■ What is expected ■
A word-for-word copy of the data is what's wanted, with no pictures.

■ Data below ■
--*--

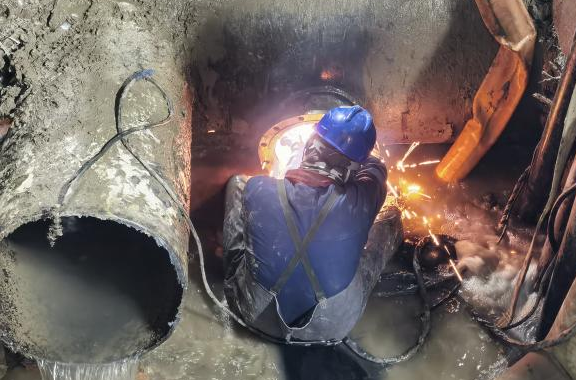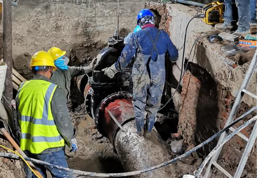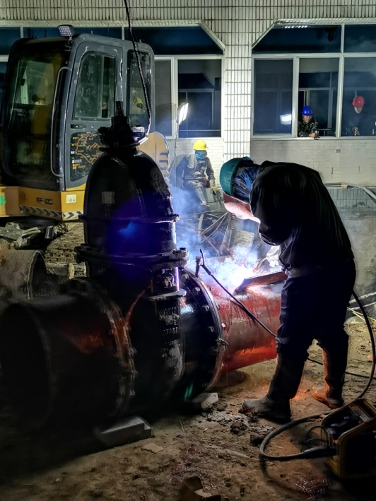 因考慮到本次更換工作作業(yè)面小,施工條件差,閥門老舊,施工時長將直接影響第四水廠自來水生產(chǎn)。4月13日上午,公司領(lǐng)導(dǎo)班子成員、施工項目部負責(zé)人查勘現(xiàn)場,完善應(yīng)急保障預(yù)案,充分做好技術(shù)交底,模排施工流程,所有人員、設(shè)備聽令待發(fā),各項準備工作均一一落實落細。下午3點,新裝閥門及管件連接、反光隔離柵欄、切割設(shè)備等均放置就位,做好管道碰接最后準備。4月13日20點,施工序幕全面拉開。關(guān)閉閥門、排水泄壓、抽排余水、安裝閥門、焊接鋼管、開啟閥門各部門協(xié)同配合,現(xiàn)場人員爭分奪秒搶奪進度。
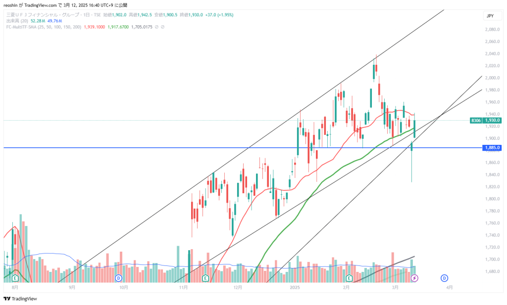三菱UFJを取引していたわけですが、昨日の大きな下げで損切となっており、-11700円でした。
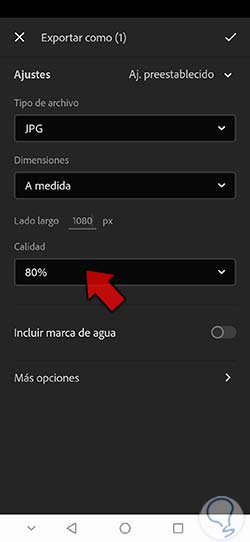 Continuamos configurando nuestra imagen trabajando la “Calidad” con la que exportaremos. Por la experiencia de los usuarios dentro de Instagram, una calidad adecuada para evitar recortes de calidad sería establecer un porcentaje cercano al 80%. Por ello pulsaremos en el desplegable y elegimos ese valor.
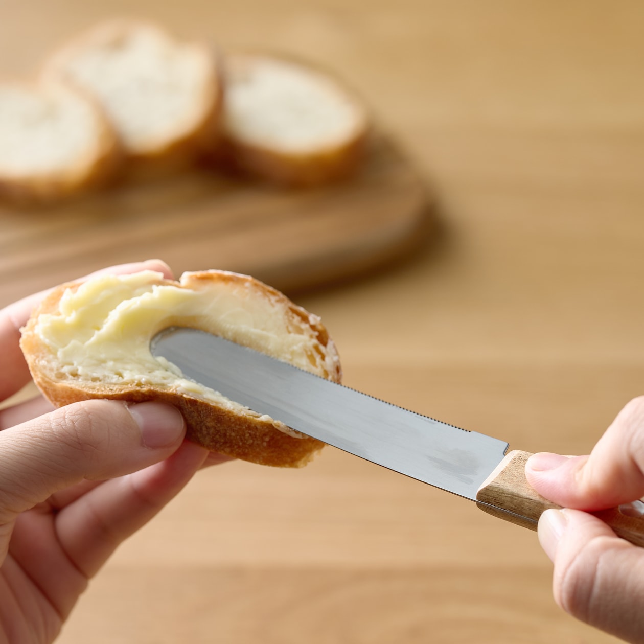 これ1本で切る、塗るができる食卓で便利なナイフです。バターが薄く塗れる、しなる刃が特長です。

--*--

■ Answer box ■
 因考慮到本次更換工作作業(yè)面小,施工條件差,閥門老舊,施工時長將直接影響第四水廠自來水生產(chǎn)。4月13日上午,公司領(lǐng)導(dǎo)班子成員、施工項目部負責(zé)人查勘現(xiàn)場,完善應(yīng)急保障預(yù)案,充分做好技術(shù)交底,模排施工流程,所有人員、設(shè)備聽令待發(fā),各項準備工作均一一落實落細。下午3點,新裝閥門及管件連接、反光隔離柵欄、切割設(shè)備等均放置就位,做好管道碰接最后準備。4月13日20點,施工序幕全面拉開。關(guān)閉閥門、排水泄壓、抽排余水、安裝閥門、焊接鋼管、開啟閥門各部門協(xié)同配合,現(xiàn)場人員爭分奪秒搶奪進度。
三菱UFJを取引していたわけですが、昨日の大きな下げで損切となっており、-11700円でした。
 Continuamos configurando nuestra imagen trabajando la “Calidad” con la que exportaremos. Por la experiencia de los usuarios dentro de Instagram, una calidad adecuada para evitar recortes de calidad sería establecer un porcentaje cercano al 80%. Por ello pulsaremos en el desplegable y elegimos ese valor.
 これ1本で切る、塗るができる食卓で便利なナイフです。バターが薄く塗れる、しなる刃が特長です。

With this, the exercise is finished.